PrimeWest leaves own backyard

Canada may be back on the radar screen for U.S. investment dealers, but the Lower 48 has its appeal for Canadian income trusts.

PrimeWest Energy Trust joined a lengthening list June 26 by rounding up a collection of oil properties in North Dakota, Montana and Wyoming for US$330 million, gaining production of 3,200 barrels of oil equivalent per day — 94 percent oil and 6 percent natural gas.
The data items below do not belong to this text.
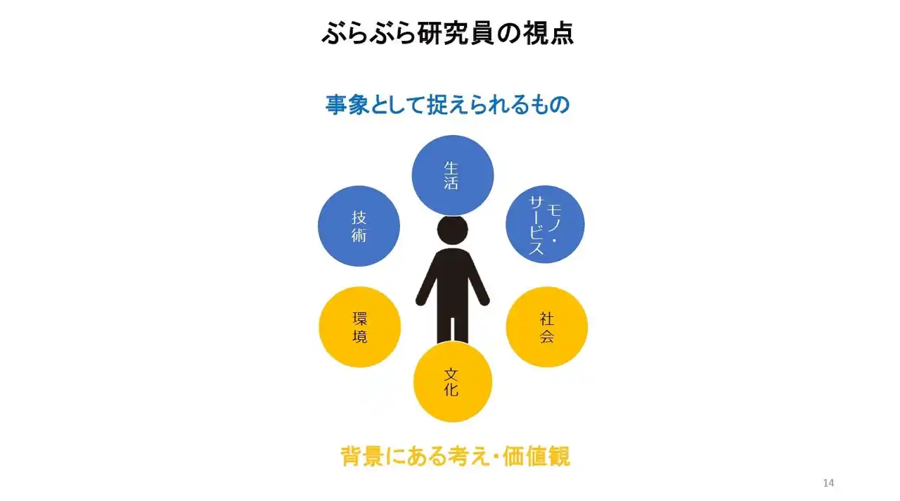 MIRCに所属する「ぶらぶら研究員」が国内外を問わず実際に足を運びながら蒐集している「美」に関する幅広い情報を紹介し、後半ではぶらぶら研究員の疑似体験として、参加者一人ひとりが自身の価値観に基づいて「美」について考え、共有するグループワークを実施しました。 |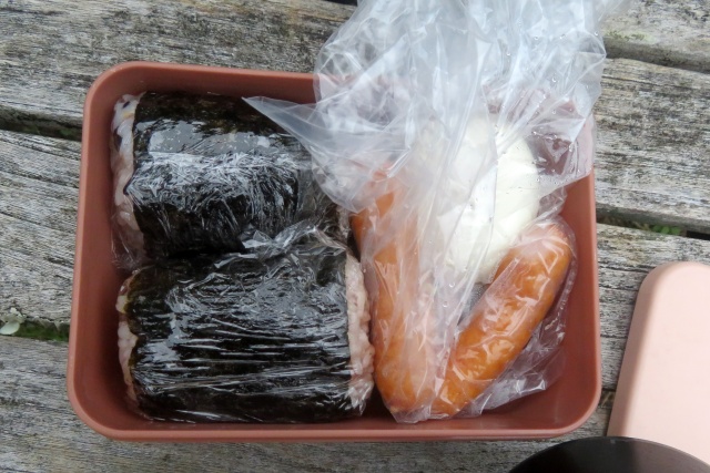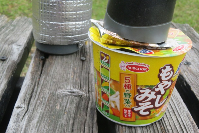 展望広場で🍙ちょこっと&味噌玉にお湯注ぐ・・・ここは「野鳥の森」だが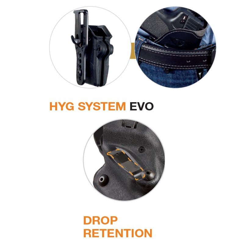 Holster SITS STEADY en Kydex et recouvert en daim microfibre antidérapant pour le pistolet Glock® 17/19. Il permet un port de l’arme de façon discrète avec une rétention de niveau 1. Il se porte à l’intérieur du pantalon et vient se bloquer à la ceinture grâce à la fixation HYG SYSTEM EVO dotée de sa languette qui se crochète sous la ceinture afin de maintenir l’étui lors du dégainé.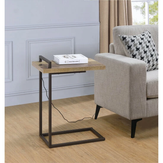 Artful, contemporary style and modern convenience are the hallmarks of this quaint little end table. The sleek design rests perfectly at the end of sofas and is equipped with a USB port for charging phones and tablets.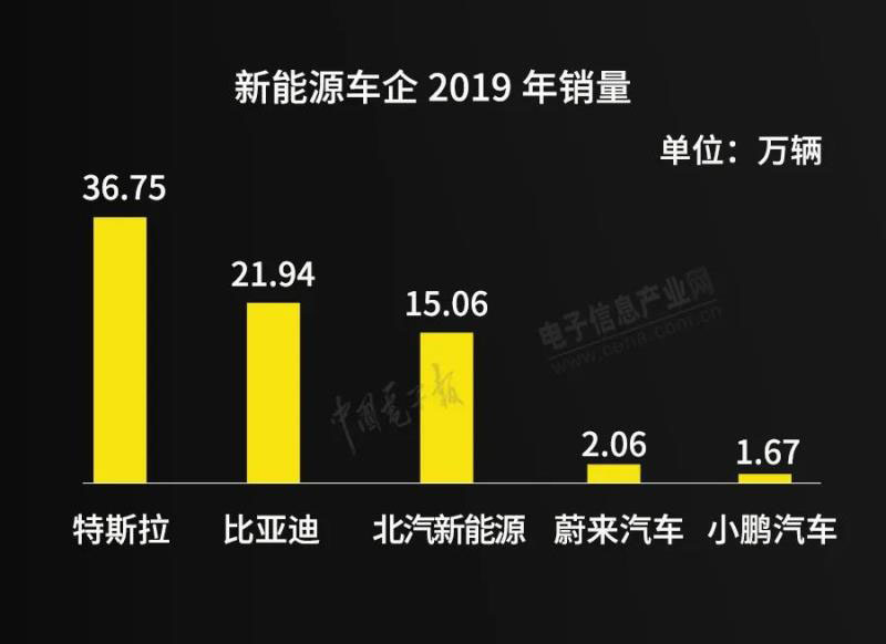 讓我們看一下其他新能源車企2019年的銷量情況。

The sellers were not identified, although the assets were posted by privately held CamWest of Houston through divestitures firm Scotia Waterous.

The proven plus probable reserves of 28.9 million boe puts the price at about C$103,000 per flowing barrel — a steep premium alongside recent trust transactions that have peaked at about C$80,000 per barrel.

But PrimeWest Chief Executive Officer Don Garner said the trust has been forced to hunt outside Canada because of the dwindling prospects on the home front.

Other trusts such as Enerplus Resources Fund, Provident Energy Trust and Enterra Energy Trust have already extended their operations south of the 49th parallel.

The assets also include infill drilling and waterflood opportunities on 47,000 acres in the Williston basin, which is south of Saskatchewan’s Weyburn and Midale properties where enhanced recovery techniques involving carbon dioxide injections are under way.

The purchase stretched PrimeWest’s overall reserve life to 12.3 years from 11.2 years at current rates of production and boosts its average production to about 40,000 boe per day.